Ourania Georgoutsakou, managing director of Airlines for Europe, acknowledged the uncertainty directly: "The current situation in the Middle East and uncertainty around how long it will last are indeed raising concerns around the availability of jet fuel in Europe over the next few weeks and months." Translation: there's no guarantee, and summer plans are in flux.
A broader crisis beyond aviation
The fuel shortage isn't confined to airports. Agricultural and trucking industries in countries like Ireland have already blockaded transport routes in protest of soaring fuel costs. European gas prices have spiked, threatening small businesses with closure. Asian nations, faced with fuel shortages, have regressed to coal for energy production, reversing years of progress toward clean energy targets. This is a global problem with real economic teeth.
Travel matters beyond just vacations, though. The travel and tourism sector represents more than 10 percent of global GDP and supports millions of jobs worldwide. If the industry can reorganize around limited fuel supplies and offer the flexibility and reliability travelers now demand, recovery is possible.
What should you do right now
If you're planning a summer trip, don't sit around waiting for clarity. Airlines that can guarantee fuel supplies will fill seats faster.

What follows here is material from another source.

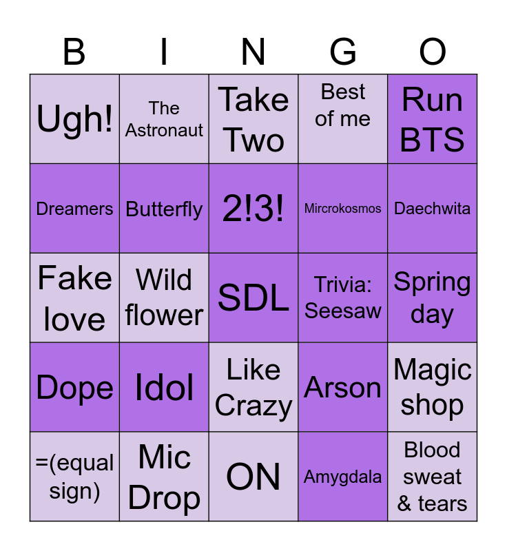 This bingo card has 25 words: Idol, ON, 2!3!, =(equal sign), Run BTS, Ugh!, Dreamers, The Astronaut, Trivia: Seesaw, Like Crazy, Mircrokosmos, Fake love, Arson, Magic shop, Butterfly, Blood sweat & tears, Spring day, Take Two, Daechwita, Wild flower, SDL, Mic Drop, Dope, Best of me and Amygdala.

Monitor booking policies closely. Look for airlines offering flexible change and cancellation terms, since conditions could shift. And if your heart's set on traveling this summer, booking sooner rather than later gives you more options before the availability crunch hits hard.
The crisis isn't over, but it's not a complete catastrophe either. Watch the news, stay flexible, and remember that travel has always found a way, even through rough patches.